> **TASK DIRECTIONS**: Return the material exactly, first line through the line containing "This round personalised", and nothing more. Pictures stay out.
#### DATASET SECTION
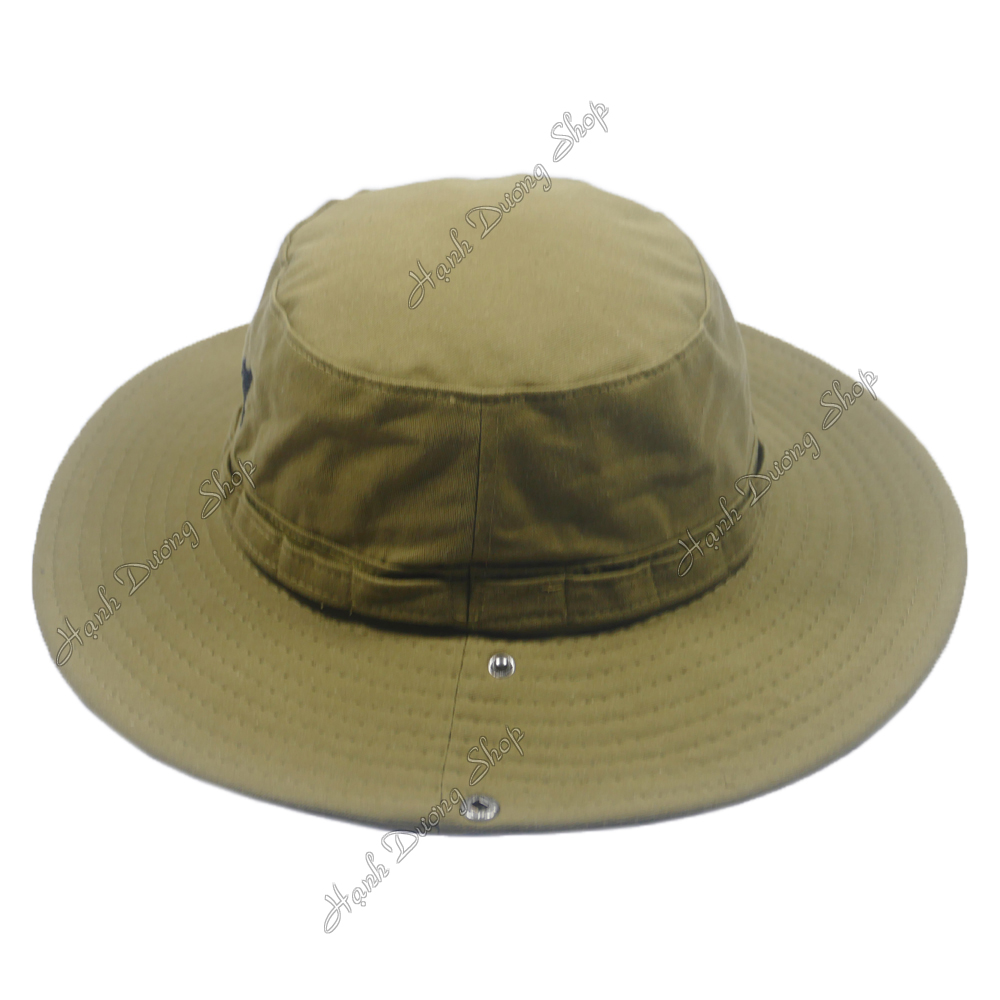 Vải Kaki dày dặn nhưng không nóng vì là 100%cotton. Có dây đeo không lo gió bay. Nút bấm kim loại 2 bên vành nón để bẻ lên cho ngầu luôn. Shop nhận thêu logo
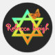 This round personalised Bat Mitzvah sticker has a neon green, orange, pink, yellow and blue Star of David and a bright orange and yellow butterfly on it that matches the Bat Mitzvah invitation shown below. The text is customisable. If you require any other matching items, please email niteowlstudio@gmail.com with your request.
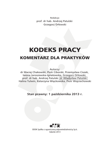 Redakcja: prof. dr hab. Andrzej Patulski Grzegorz Orłowski KODEKS PRACY KOMENTARZ DLA PRAKTYKÓW Autorzy: dr Maciej Chakowski, Piotr Ciborski, Przemysław Ciszek, Iwona Jaroszewska-Ignatowska, Grzegorz Orłowski, prof. dr hab. Andrzej Patulski dr Władysław Patulski Halina Tulwin, Katarzyna Więckowska, Piotr Wojciechowski Stan prawny: 1 października 2013 r. ODDK Spółka z ograniczoną odpowiedzialnością Sp.k. Gdańsk 2013 Art. 1011 Dział IV. Obowiązki pracodawcy i pracownika Rozdział IIa ZAKAZ KONKURENCJI 1 Art. 101 § 1. W zakresie określonym w odrębnej umowie, pracownik nie może prowadzić działalności konkurencyjnej wobec pracodawcy ani też świadczyć pracy w ramach stosunku pracy lub na innej podstawie na rzecz podmiotu prowadzącego taką działalność (zakaz konkurencji). § 2. Pracodawca, który poniósł szkodę wskutek naruszenia przez pracownika zakazu konkurencji przewidzianego w umowie, może dochodzić od pracownika wyrównania tej szkody na zasadach określonych w przepisach rozdziału I w dziale piątym. Iwona Jaroszewska-Ignatowska 1. Zasadą jest, że pracownik powinien dbać o dobro zakładu pracy, chronić jego mienie oraz zachowywać w tajemnicy informacje, których ujawnienie mogłoby narazić firmę na szkodę. Jeśli pracodawca chce zabezpieczyć swoje interesy i chronić się przed działalnością konkurencyjną, może zawrzeć z pracownikiem umowę o zakazie konkurencji w trakcie trwania stosunku pracy. 2. Umowę o zakazie konkurencji w trakcie trwania stosunku pracy można zawrzeć z każdym pracownikiem. Nie ma przy tym znaczenia, na jakim stanowisku jest on zatrudniony, jak długo pracuje w firmie i do jakich informacji posiada dostęp. Nieistotne jest także, czy jest to pracownik zatrudniony na podstawie umowy o pracę na okres próbny, na czas określony, na zastępstwo czy też na czas nieokreślony. Nie wystarczy jednak, jeśli pracodawca ustali ustnie z pracownikiem, że pracownik nie będzie prowadził działalności konkurencyjnej. Umowa o zakazie konkurencji powinna być bowiem – zgodnie z komentowanym przepisem – pod rygorem nieważności zawarta w formie pisemnej. Niezachowanie tej formy skutkować będzie nieważnością umowy (art. 1013 k.p. oraz wyroki SN: z dnia 16 maja 2001 r. – I PKN 402/00, OSNP 2003, nr 5, poz. 122 oraz z dnia 11 września 2007 r. – II PK 13/07, OSNP 2008, nr 21–22, poz. 322). Oznacza to, że umowy tej nie można zawrzeć ani przedłużyć czy zmienić również w sposób dorozumiany (wyrok SN z dnia 10 września 2004 r. – I PK 592/2003, OSNP 2005, nr 14, poz. 203). Zakaz konkurencji powinien zostać przewidziany w odrębnej umowie. Nie oznacza to jednak konieczności sporządzania odrębnego dokumentu. W literaturze można bowiem spotkać poglądy, że w przypadku umowy o zakazie konkurencji w czasie trwania stosunku pracy możliwe jest umieszczenie stosownej 428 Iwona Jaroszewska-Ignatowska Rozdział IIa. Zakaz konkurencji Art. 1011 klauzuli konkurencyjnej także w treści umowy o pracę i nie powoduje to nieważności zakazu konkurencji. Jednakże klauzula taka nie staje się przez to elementem umowy o pracę, co oznacza, że przewidziana w art. 42 k.p. instytucja wypowiedzenia zmieniającego nie ma do tej klauzuli zastosowania (wyrok SN z dnia 12 listopada 2003 r. – I PK 591/02, M.P.P. 2005, nr 3, s. 11–13). Innymi słowy 2 klauzula konkurencyjna (art. 101 k.p.) nie stanowi części umowy o pracę, zaś odszkodowanie wynikające z umowy o zakazie konkurencji po ustaniu stosunku pracy nie jest wynagrodzeniem za pracę (art. 78 k.p.) i nie podlega ochronie przewidzianej dla tego wynagrodzenia. Oznacza to, że klauzula konkurencyjna nie jest objęta pojęciem warunków umowy o pracę i nie stosuje się do niej ograniczeń wynikających z ochrony trwałości stosunku pracy (wyrok SN z dnia 29 czerwca 2005 r. – II PK 345/04, OSNP 2006, nr 9–10, poz. 153). Umowę o zakazie konkurencji w czasie trwania stosunku pracy należy przechowywać w części B akt osobowych. 3. Z formalnego punktu widzenia umowę o zakazie konkurencji w trakcie trwania stosunku pracy można zawrzeć w każdej chwili, tj. przy zatrudnianiu pracownika lub w czasie jego zatrudnienia. W praktyce jednak łatwiej będzie skłonić pracownika do jej zawarcia w momencie podpisywania z nim umowy o pracę. Jeśli pracodawca zatrudnia pracownika na podstawie umowy terminowej, a potem na czas nieokreślony, niekoniecznie musi za każdym razem zawierać z nim umowę o zakazie konkurencji. Wystarczy, że zawrze taką umowę od razu „na czas trwania stosunku pracy” u pracodawcy, a nie np. „na czas trwania umowy o pracę na okres próbny”. Umowa o zakazie konkurencji może być także zawarta z już zatrudnionym pracownikiem. Do jej skuteczności potrzebna jest dobrowolna zgoda pracownika. W związku z tym pracodawca nie może zmusić pracownika do podpisania takiego dokumentu. Jeżeli jednak pracownik odmawia zawarcia umowy o zakazie konkurencji w trakcie trwania stosunku pracy, pracodawca może potraktować taką odmowę jako przyczynę wypowiedzenia umowy o pracę (wyrok SN z dnia 24 września 2003 r. – I PK 411/02, OSNP 2004, nr 18, poz. 316). Ponadto należy pamiętać, że zgodnie z wyrokiem Sądu Najwyższego z dnia 3 marca 2005 r. (I PK 263/04, OSNP 2005, nr 21, poz. 337) prowadzenie działalności konkurencyjnej po odmowie podpisania przez pracownika umowy zakazującej konkurencji pomimo sprzeciwu pracodawcy jest świadomym naruszeniem przez pracownika obowiązku dbałości o dobro zakładu pracy (art. 100 § 2 pkt 4 k.p.) i może stanowić przyczynę zarówno definitywnego wypowiedzenia umowy o pracę z przyczyn leżących po stronie pracownika, jak i zwolnienia dyscyplinarnego (art. 52 § 1 pkt 1 k.p.). Por. także wyrok Sądu Najwyższego z dnia 18 czerwca 2007 r. Iwona Jaroszewska-Ignatowska 429 Art. 1011 Dział IV. Obowiązki pracodawcy i pracownika (II PK 338/06, OSNP 2008, nr 15–16, poz. 219). Jednakże
########
> **EXERCISE SOLUTION**:
 Vải Kaki dày dặn nhưng không nóng vì là 100%cotton. Có dây đeo không lo gió bay. Nút bấm kim loại 2 bên vành nón để bẻ lên cho ngầu luôn. Shop nhận thêu logo
 This round personalised Bat Mitzvah sticker has a neon green, orange, pink, yellow and blue Star of David and a bright orange and yellow butterfly on it that matches the Bat Mitzvah invitation shown below. The text is customisable. If you require any other matching items, please email niteowlstudio@gmail.com with your request.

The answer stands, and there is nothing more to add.